> _Records_
# # # # #

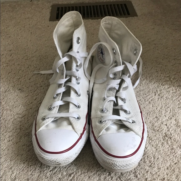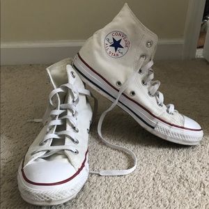 Like new Converse Hightops, only wore it twice because it is too big for me. It is a Men's 6 so it's a women's 8 and still runs a bit big. Willing to trade for Vans (preferably sk8 highs)
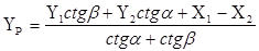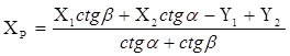 | обозначения | углы | X | ctg α, ctg β | Y | |||
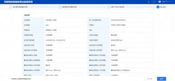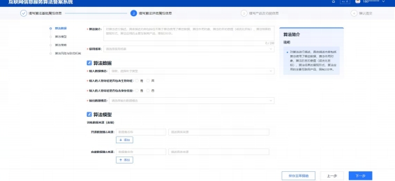 在产品及功能信息填报完成后,算法备案填报人员可点击主页的“备案信息”,进行算法信息填报。算法信息填报分为四个步骤:
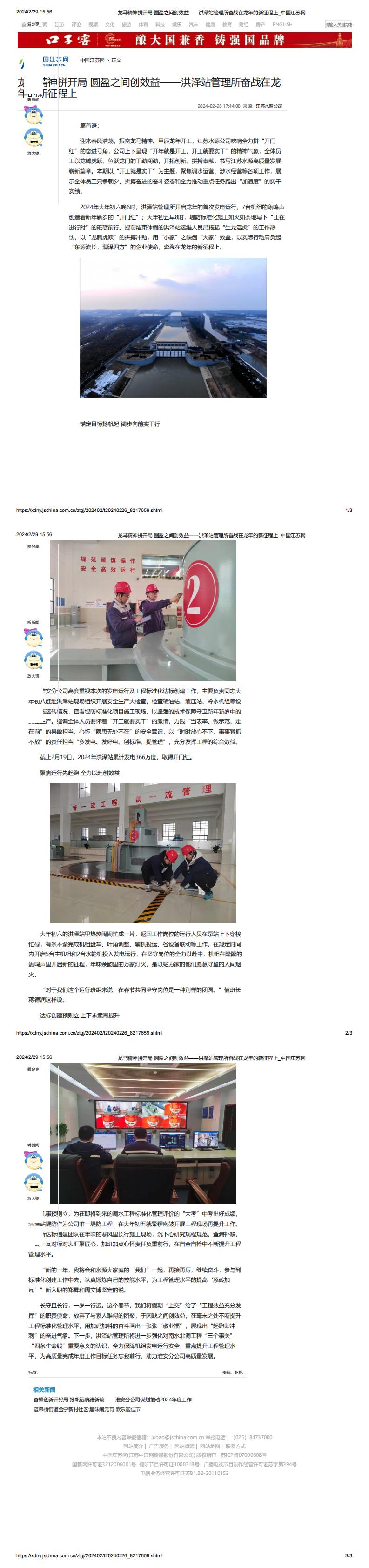 中国江苏网:龙马精神拼开局 圆盈之间创效益——洪泽站管理所奋战在龙年的新征程上
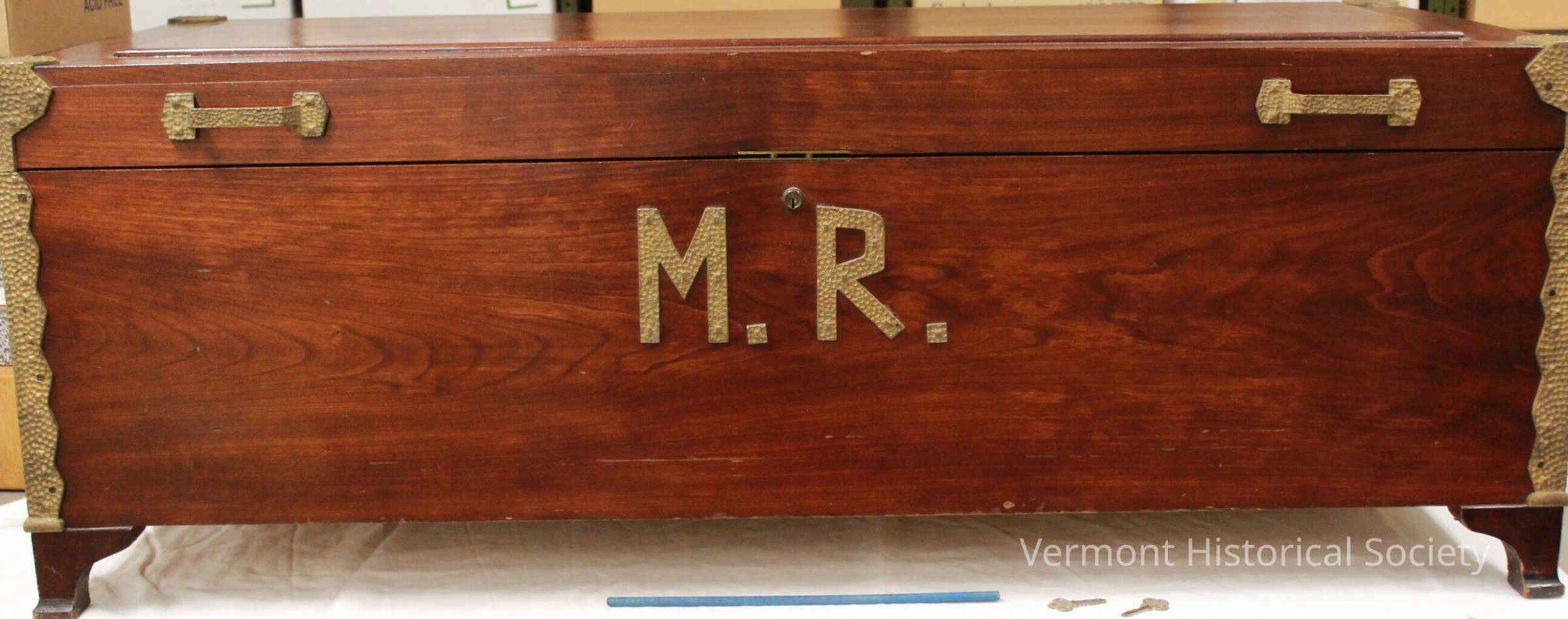 This is a blanket chest that features a paneled exterior lid/cover with decorative hammered brass finished metal protecting each of the four exterior corners. It has a medium dark stain. Inside the lid, there is a gold-colored plaque stating "This wood was taken from a log used by Col. Davis in building a dam in 1788 on the site now occupied by Lane MFG. Co." Additionally, there is a sliding cedar tray located inside the chest. The handles at each end of the chest and on the front of the lid are made of the same hammered metal as the corner protectors. On the front of the exterior, the initials "M.R." are also featured in hammered brass-colored metal, which stands for Maizie Rumsey. The plain bracket feet support the chest on each corner. The keyhole and lock on the chest are both made of brass, and the key to lock and unlock the chest is included with it.Context
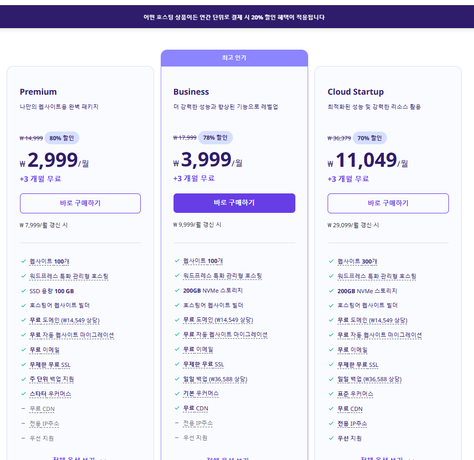 웹호스팅 솔루션을 고르고 완벽한 웹사이트를 만드세요! 공유 호스팅과 도메인 구매부터 VPS까지. 필요한 모든 게 준비되어 있습니다.
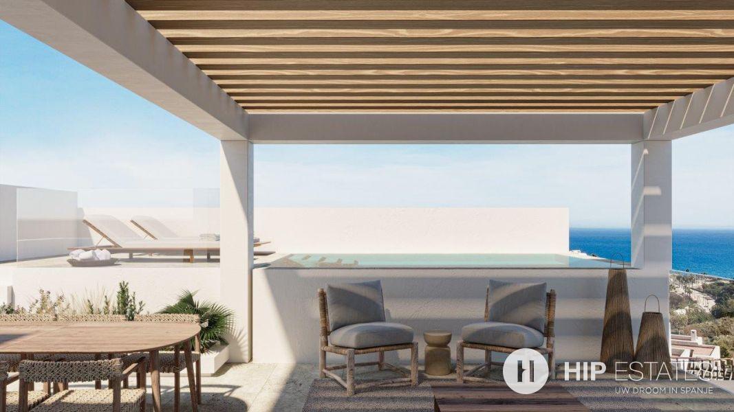 Er zijn appartementen met 1, 2 en 3 slaapkamers, waarvan sommige penthouses zijn voorzien van een zwembad op het dak en allemaal met een prachtig uitzicht op zee.
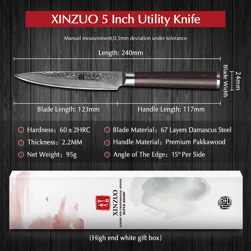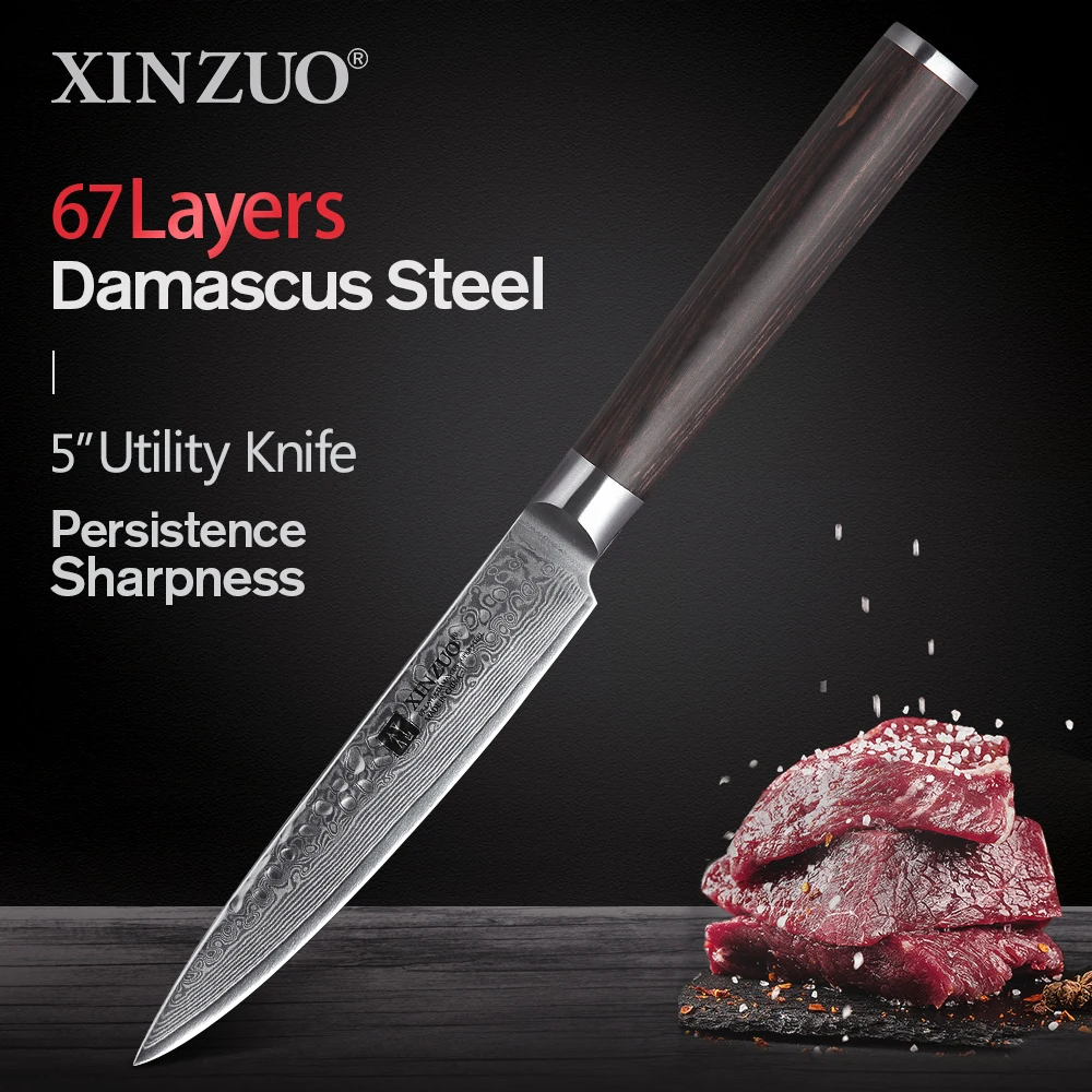 Универсальный нож XINZUO, 5 дюймов, кованая нержавеющая сталь VG10, японские кухонные ножи шеф-повара из дамасской стали, для очистки овощей, кухонные аксессуары
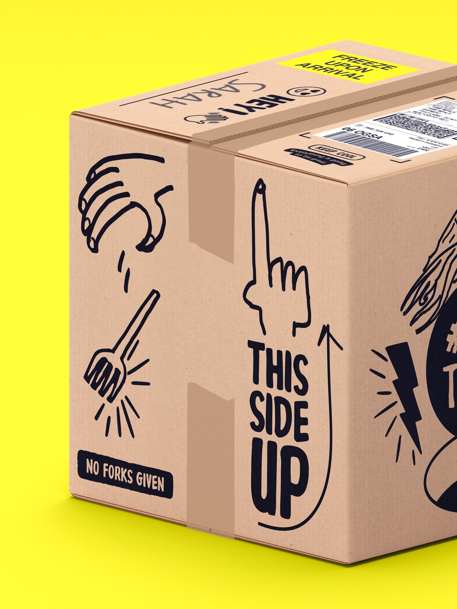 I created two custom-sized shipping boxes that blend function with fun. The challenge: make packaging that stands out while meeting shipping constraints and staying true to the brand’s witty, adventurous tone. I illustrated playful visual elements, added customizable name sections for personalization, and even included hidden “Easter eggs” for curious customers.
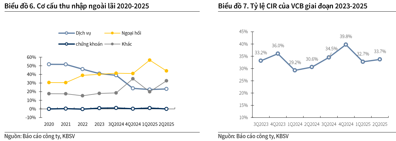 Ở mảng phi tín dụng, lợi nhuận ngoại hối tiếp tục là “mỏ neo” với biên lợi nhuận cao, trong khi dịch vụ chịu tác động nhất thời từ các chính sách miễn, giảm phí nhằm thúc đẩy hệ sinh thái khách hàng.
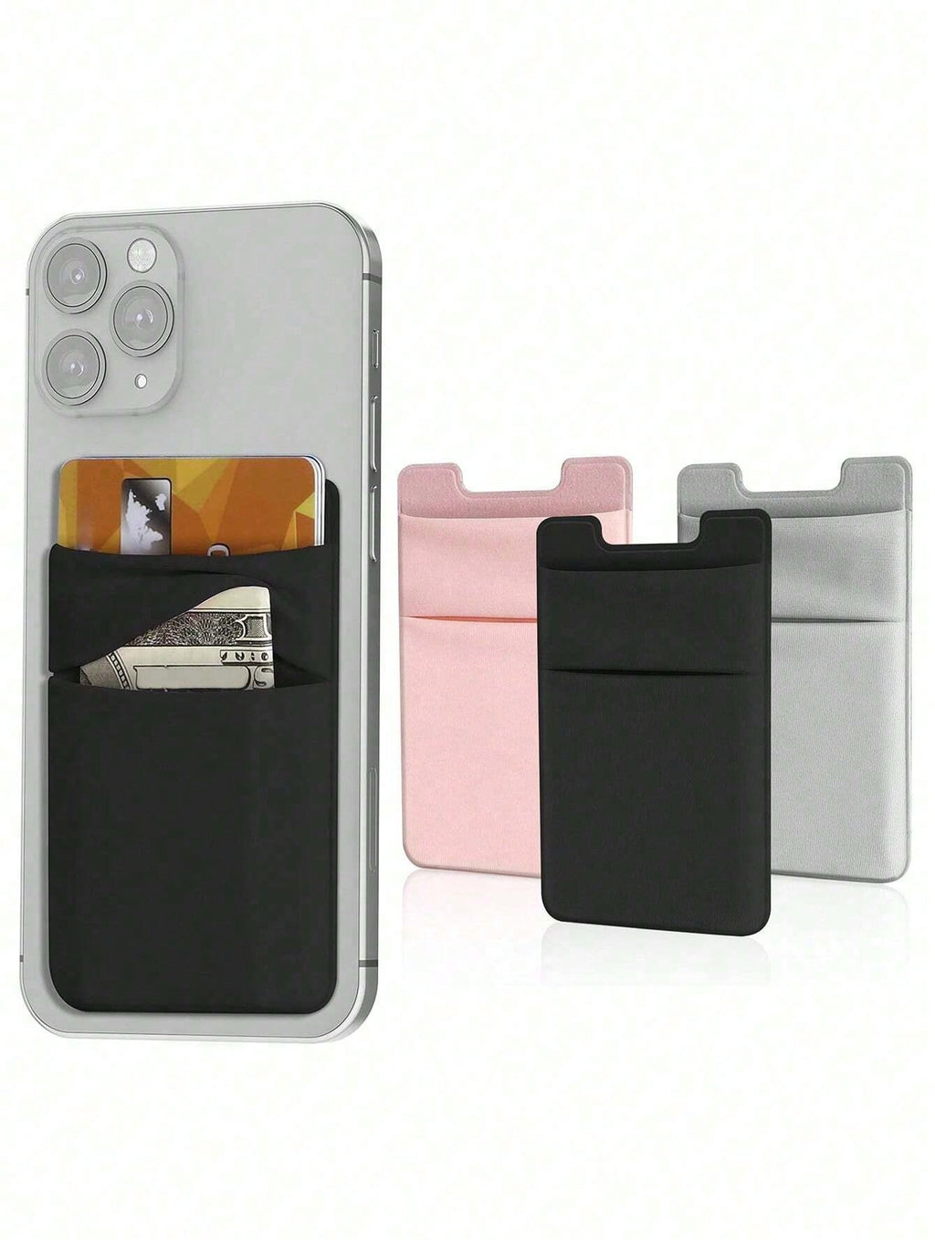 BELLAVOG Mobile Phone Card Holder, Mobile Phone Case Back Sticker, Double Pocket Wallet, Elastic Lycra Card Holder, Suitable For Credit Cards, ID Card Stickers, Universal For All Mobile Phone Models For Women For Men Wallet Mini Wallet Purse Wallet
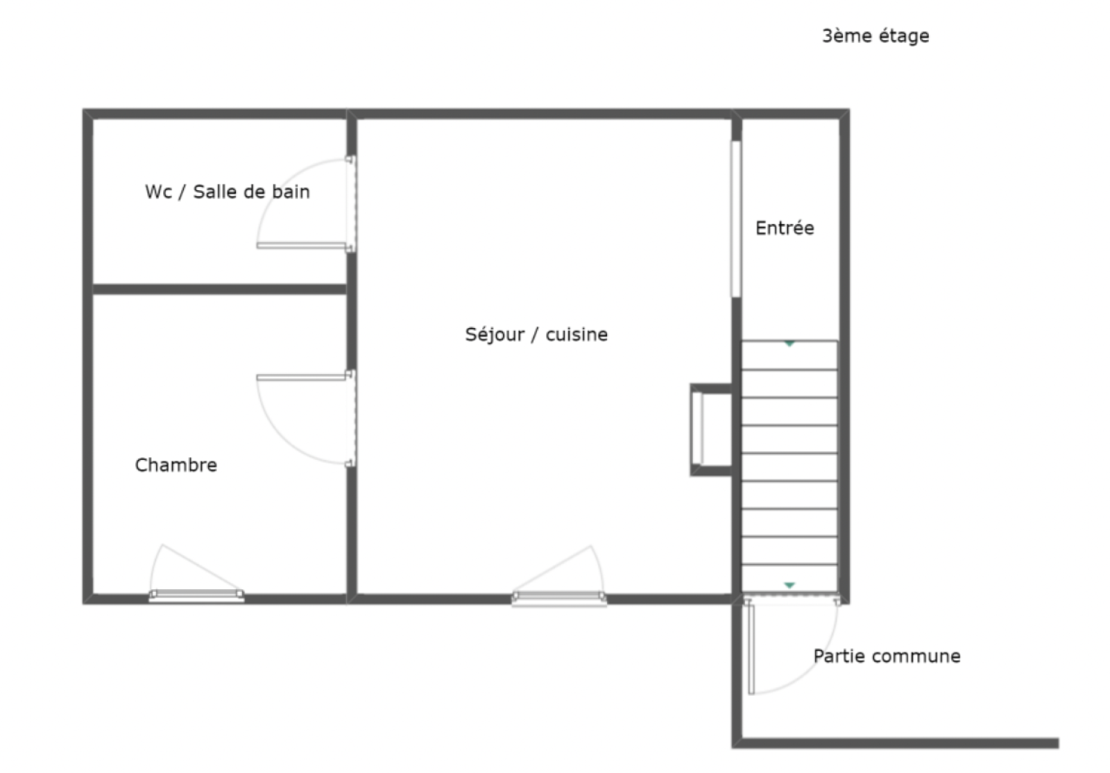 L’appartement se compose d’une pièce de vie lumineuse, d’une chambre et d’une salle d’eau moderne avec WC.
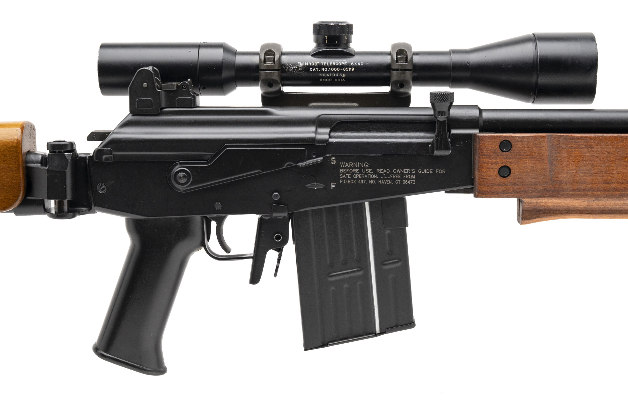 SN: 97138115. Made circa 1993, .308 with an 20" barrel w/flash hider. Bore is bright with excellent rifling. Rare pre-ban Israeli made "Galatz" sniper rifle with correct "Nimrod" 6x40 side-mounted scope. Excellent wood furniture, and Iron side-folding stock w/wood cheek rest. Overall condition is excellent. Comes with carry bag, manual, and 4 extra magazines. A very desirable model for any military sniper rifle collection.
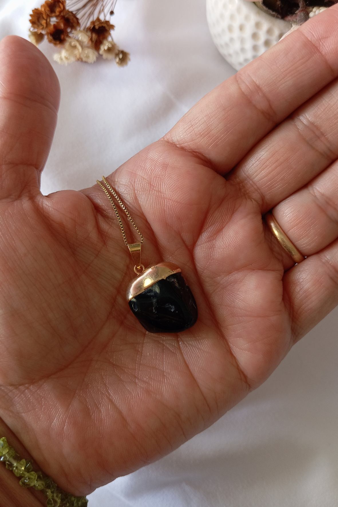 O Ônix é uma pedra poderosa de proteção e enraizamento. Atua no chakra base, bloqueando ataques energéticos e fortalecendo a firmeza emocional diante de desafios.
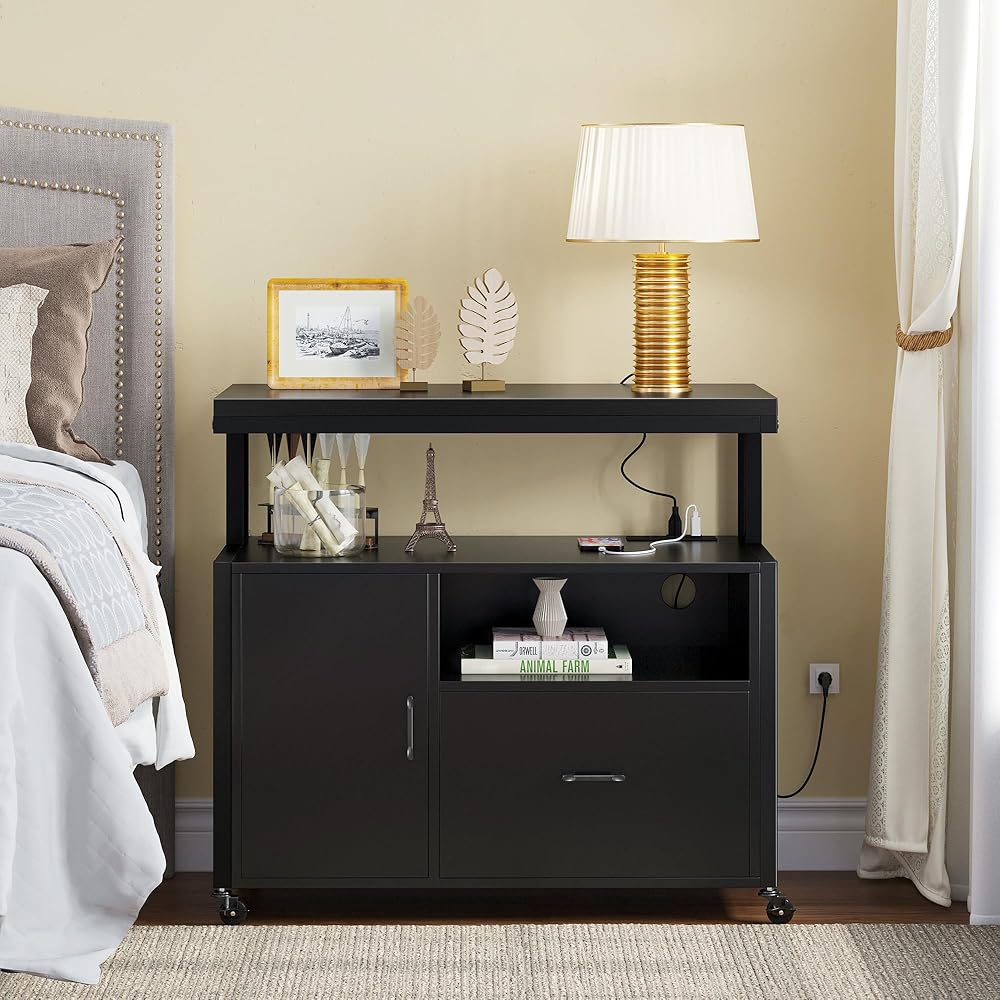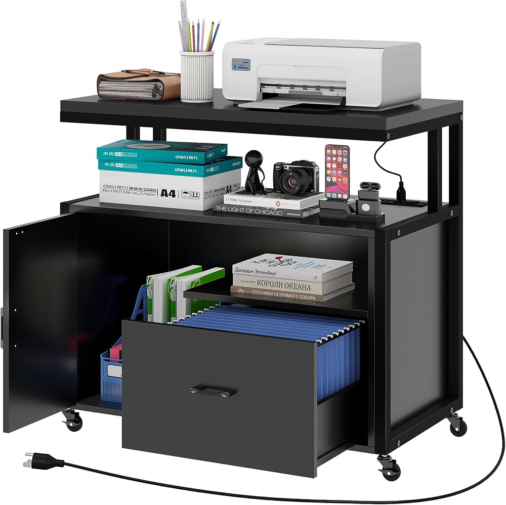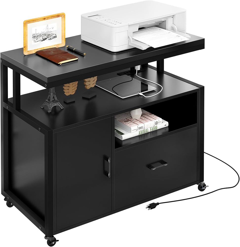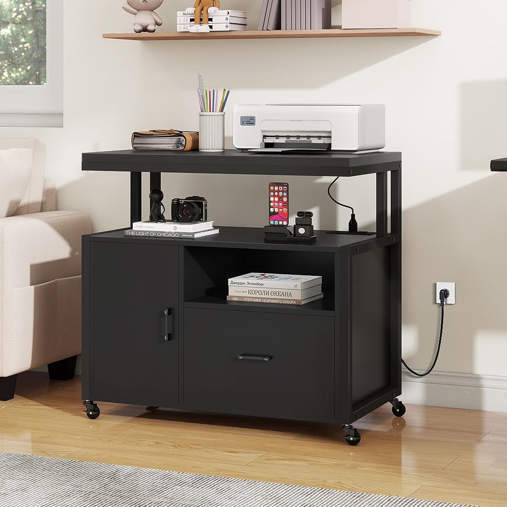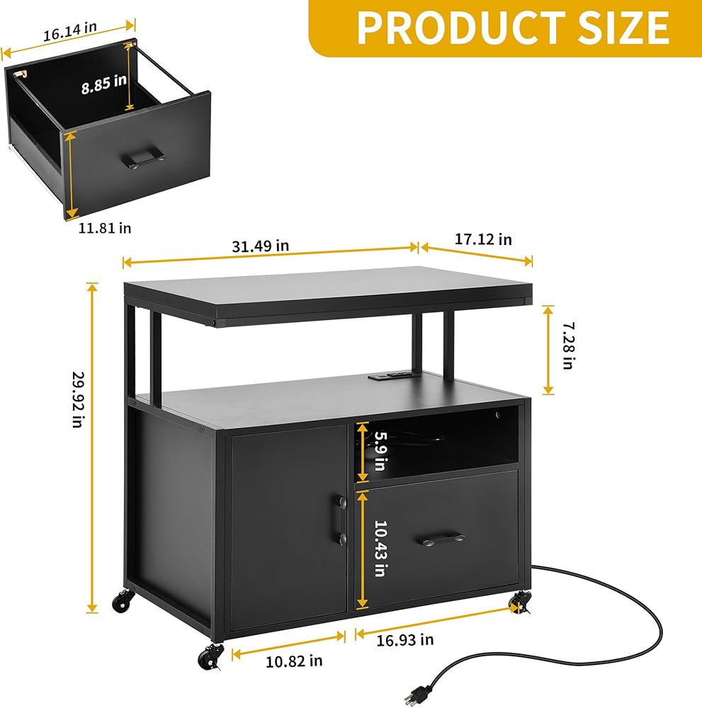 موقف طابعة مكتب DWVO مع عجلات وجداول الطابعة مع درج الملفات ونشر الشحن ، خزانة ملفات جانبية متنقلة مع رف تخزين مفتوح لرسالة/قانوني/ملفات الحجم ، الأسود

# # # # #

> _What you are asked to do_
Copy the entries above exactly from the line with "O Ônix é uma" down to their last line, both ends included. Do not copy any pictures.

> _Answer to this exercise_
 O Ônix é uma pedra poderosa de proteção e enraizamento. Atua no chakra base, bloqueando ataques energéticos e fortalecendo a firmeza emocional diante de desafios.
 موقف طابعة مكتب DWVO مع عجلات وجداول الطابعة مع درج الملفات ونشر الشحن ، خزانة ملفات جانبية متنقلة مع رف تخزين مفتوح لرسالة/قانوني/ملفات الحجم ، الأسود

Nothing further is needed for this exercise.